DATA BLOCK —
# # # # # # #

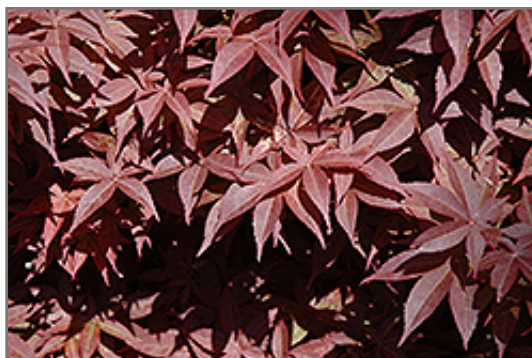
Rhode Island Red Japanese Maple foliage
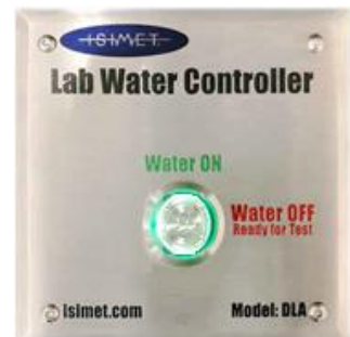
Push Button Option
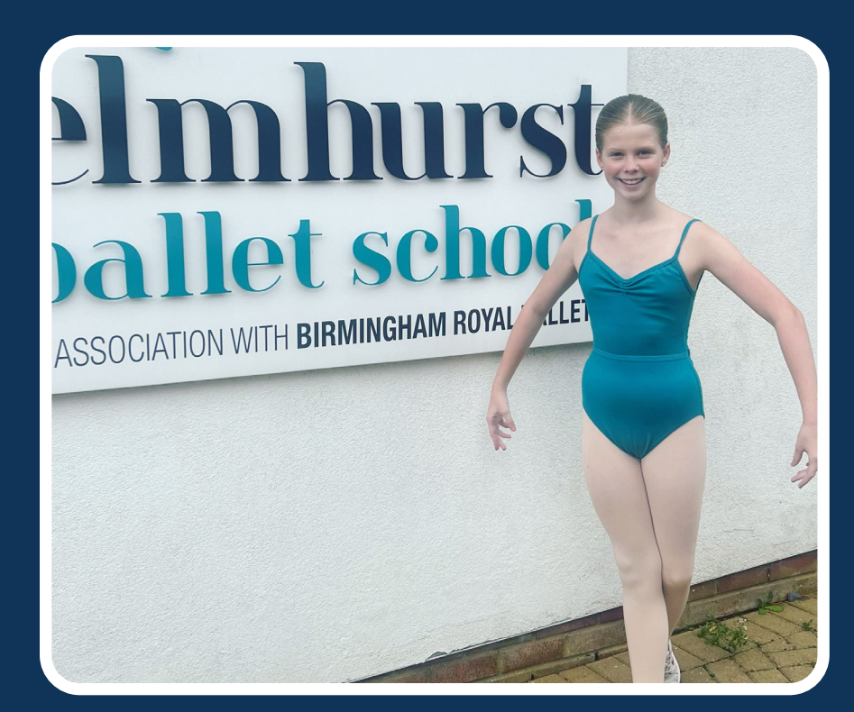
Scarlett B British Ballet Organisation

# # # # # # #

WHAT IS NEEDED — Without any of its images, the data above should be returned exactly.

EXERCISE RESPONSE —
Rhode Island Red Japanese Maple foliage
Push Button Option
Scarlett B British Ballet Organisation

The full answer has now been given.